A while ago, Tom Bowden wrote the following letter to the editor for ARI:
In upholding Oregon’s assisted suicide law, the Supreme Court reached the right result for the wrong reasons. The law should have been upheld on the grounds of an individual’s right to his own life.
The right to life includes and implies the right to commit suicide. To hold otherwise is to deny the right to life at its root. If we have a duty to go on living, despite our better judgment, then our life does not belong to us, and we exist by permission, not by right.

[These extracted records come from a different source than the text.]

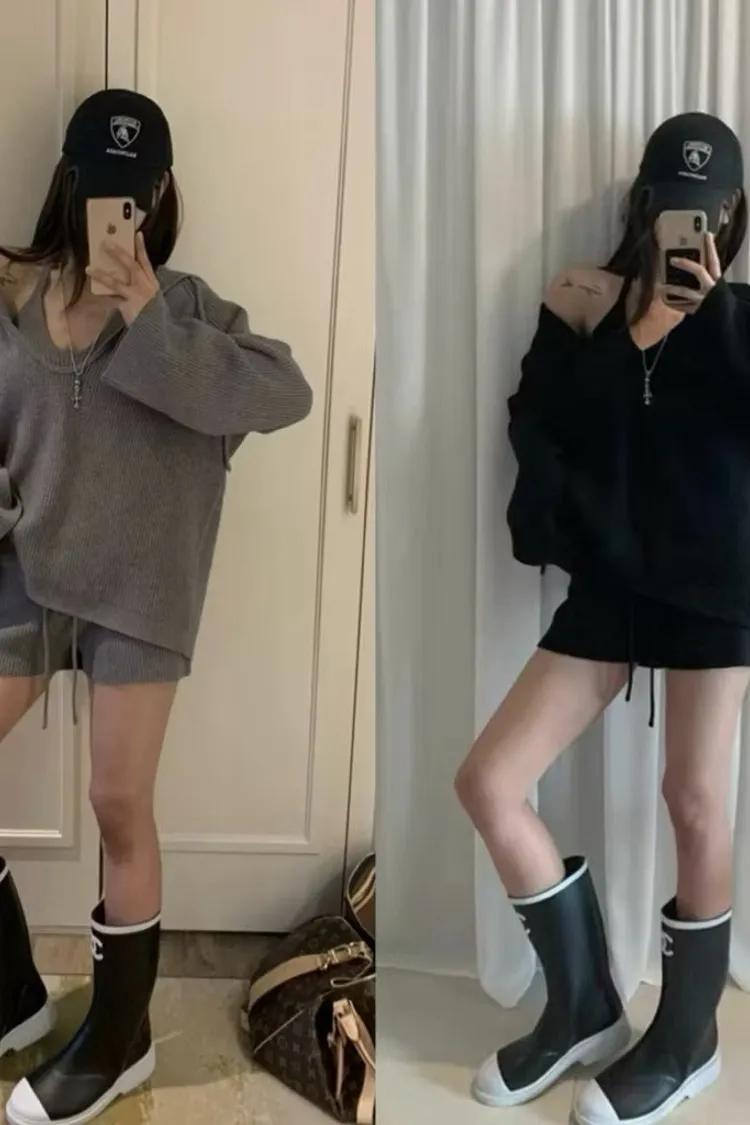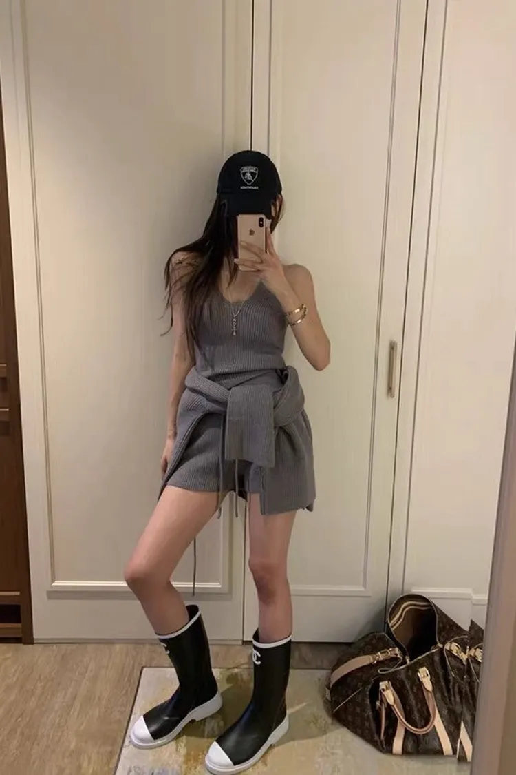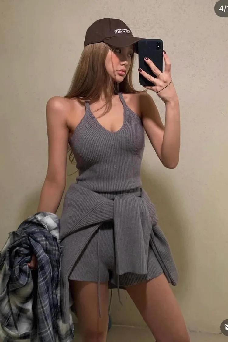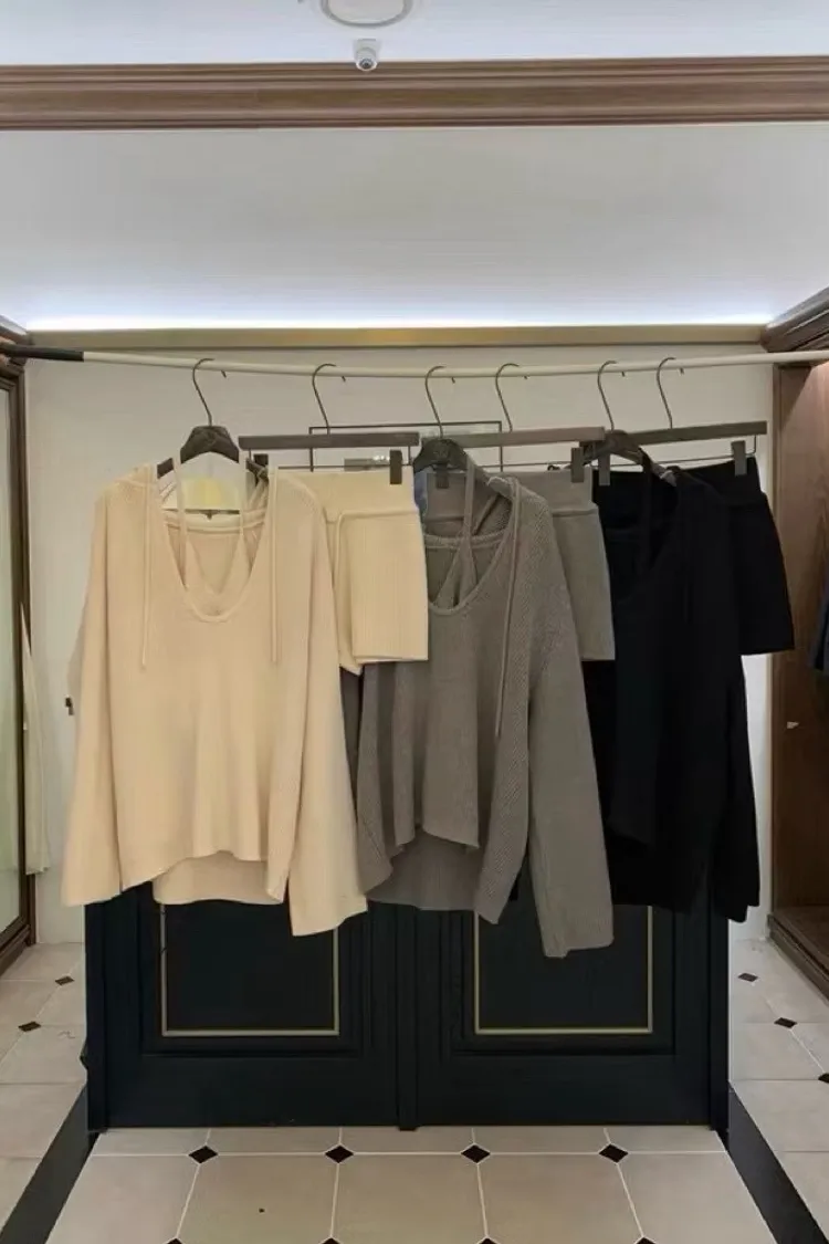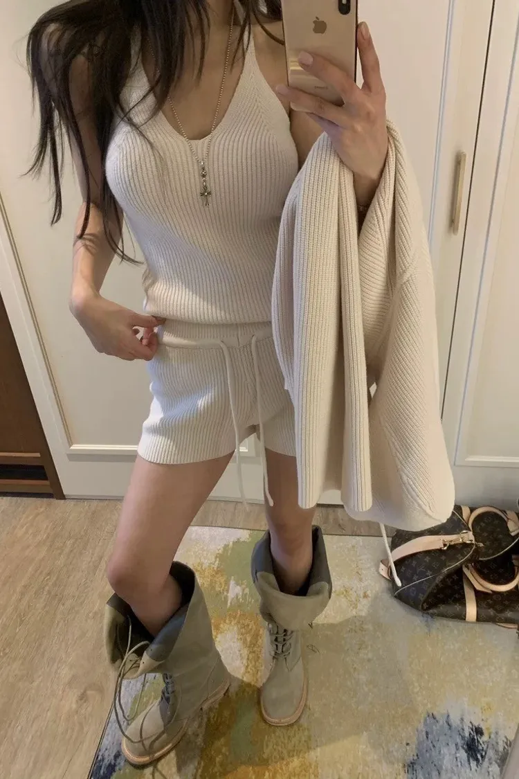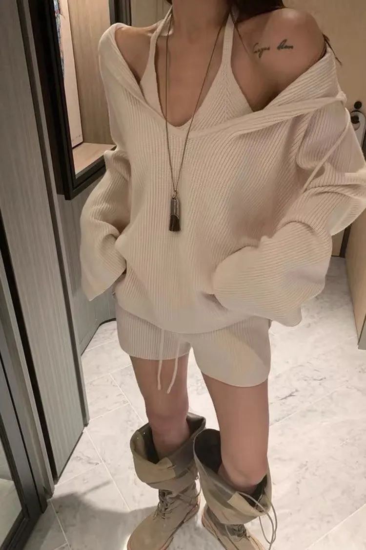 簡約針織連帽寬領上衣+繞頸背心+短褲
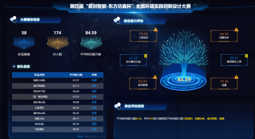 大赛行稳致远,经历时间考验,不断攀登高峰。闭幕式上,大赛裁判长黄雄飞老师采用大数据分析系统分析了决赛总体情况:84.17%的参赛选手充分呈现了自主探究能力,结合课程和实际工程知识,深入解读和研究流域综合治理、污水管网设计两个虚拟仿真设计项目;84.61%的选手基本掌握相关的知识点,体现当代大学生积极进取、主动科学探索;大赛参赛选手平均综合能力值达到了84.59,体现了较高的综合能力素质。
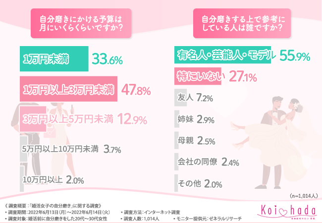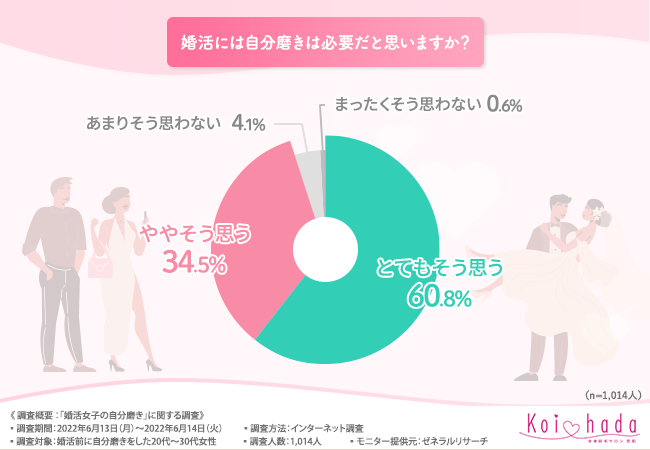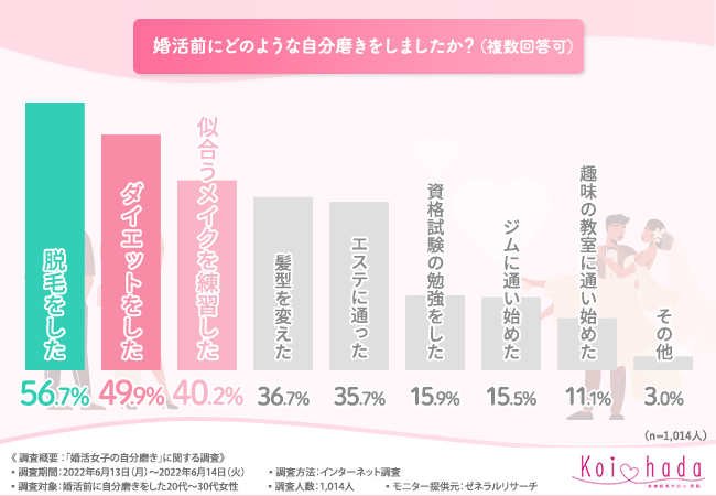 そこで今回、脱毛サロン「恋肌」(https://www.koi-hada.jp/lplj_lv/lp03/?refmedia=178)は、婚活前に自分磨きをした20代〜30代女性を対象に、「婚活女子の自分磨き」に関する調査を実施しました。
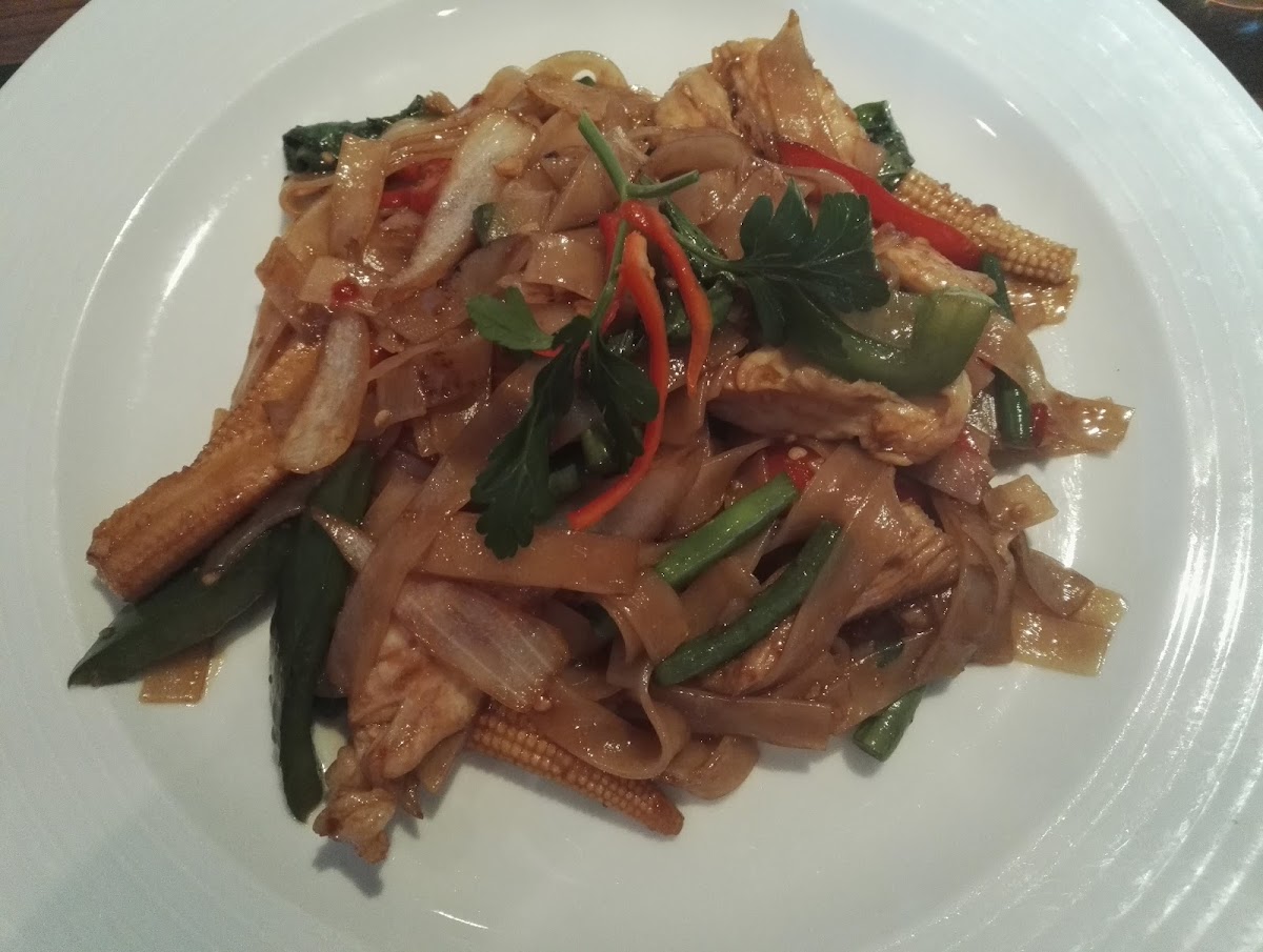 Great food, nice service. The chicken satay is a class above anything u usually get, silky and smooth and big chunks of chicken. The pad me with prawns also v.good. but highlight was the battered chicken in spicy sauce dish that i cant for the life of me remember the name ofm
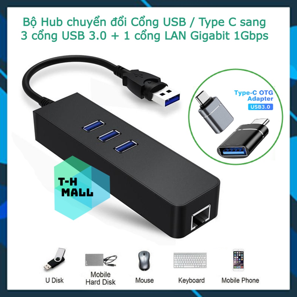 - LAN 1gbps + Type C : Hub chuyển đổi USB A sang 1 cổng RJ45 tốc độ 1000Mbps, kèm đầu chuyển đổi sang Type C 3.0 dùng cho macbook và laptop đời mới có cổng Type C
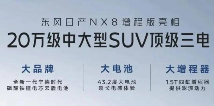側(cè)面擁有流暢簡潔的車身線條,時下所流行的懸浮車頂以及隱藏式門把手也都沒有遺漏。車尾將搭載2.4米超長貫穿式星環(huán)燈,擁有2064顆OLED發(fā)光單元。尺寸方面,新車長寬高分別為4870/1920/1680mm,軸距為2917mm,屬于是勉強(qiáng)達(dá)到了中大型SUV的水準(zhǔn)。最后,按照廠家說法,東風(fēng)日產(chǎn)NX8增程版是“20萬級中大型SUV頂級三電”,具備大品牌、大電池、大增程器的特點(diǎn),想買它的可以多關(guān)注下。
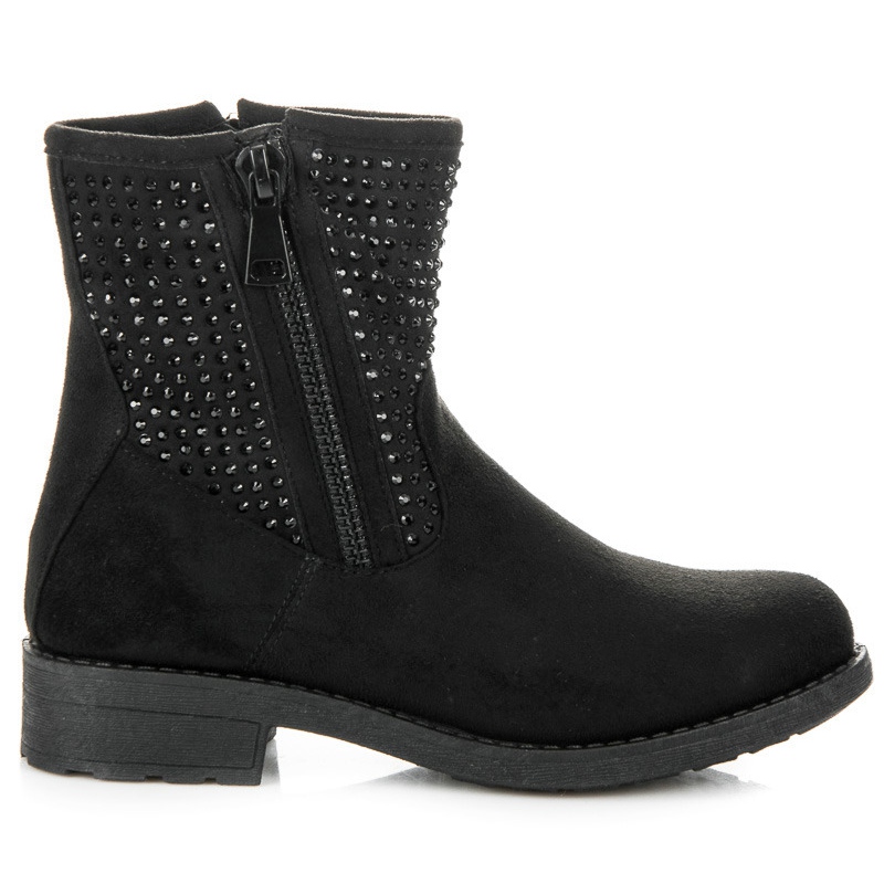 With a flat 5 cm heel, these ankle boots are comfortable and easy to wear, perfect for both long days at work and evenings out. Additional details in the form of rhinestones and studs give them a fashionable, rock accent.
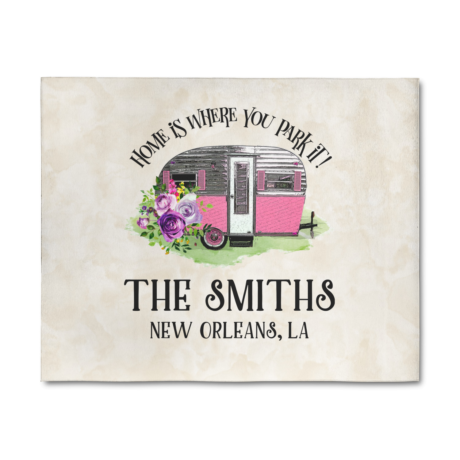 This fun design is absolutely stunning. The background is a subtle tan watercolor texture. The main graphic is an adorable pink trailer camper with sweet flowers all around it. The phrase going above it says "Home is where you park it!" You can easily personalize the text to say the place and date of a specific camping trip you always want to remember.
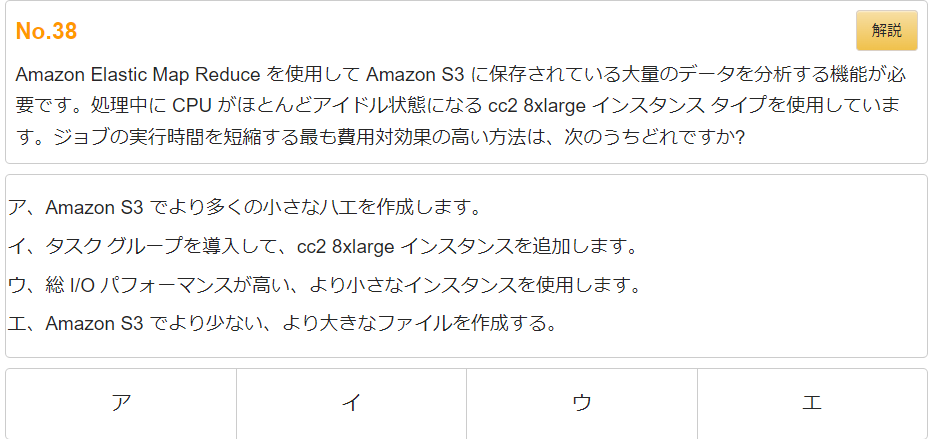 【試験区分】AWS認定資格 SAP(ソリューションアーキテクト - プロフェッショナル) 【第38問】 EMRでのデータ分析時、ジョブの実行時間を短縮する方法 ※正解・解説はリプライツイート #SAP #AWS認定 pic.x.com/qiD2LjleuV

Individuals have a moral right to seek assistance in committing suicide. And if a doctor is willing to assist, based on an objective assessment of his patient’s mental and physical state, the law should not stand in his way.
There is no rational basis upon which the government can properly prevent an individual from choosing to end his life. The choice is his because the life is his.
Religious conservatives, supported by the Bush administration, want to ban assisted suicide because it defies God’s will. Such conservatives crave to inject religion into the bloodstream of American law, thereby assisting in our own national suicide. People of reason must refuse their consent to the religious conservative agenda.
Thomas A. Bowden
Ayn Rand Institute
2121 Alton Parkway #250
949-222-6550 ext 226
Here’s the copyright information: “Copyright (c) 2006 Ayn Rand(R) Institute. All rights reserved. If you plan to use this letter, please let us know. Thank you.”
Just off-the-cuff, I wrote the following as a comment upon the letter:
Of course, I would be very much in favor of an assisted suicide law, but I do fear abuses by medical staff and family members, even if well-meaning. Death devices like those constructed by Jack Kevorkian — where the doctor sets up the death machine, then the patient actually initiates his own death — would largely eliminate that worry. Of course, reasonable exceptions could be made for permanently unconscious patients, as well as for the rare patients unable to move, preferably via the sort of given-in-advance instructions found in living wills, medical power of attorney, and the like.
As for the sick and aged who would allow themselves to be pressured into suicide by others, so long as they’re competent adults, that’s entirely their own damn fault. And they will pay the ultimate price for that last act of spineless second-handedness, pathetically enough.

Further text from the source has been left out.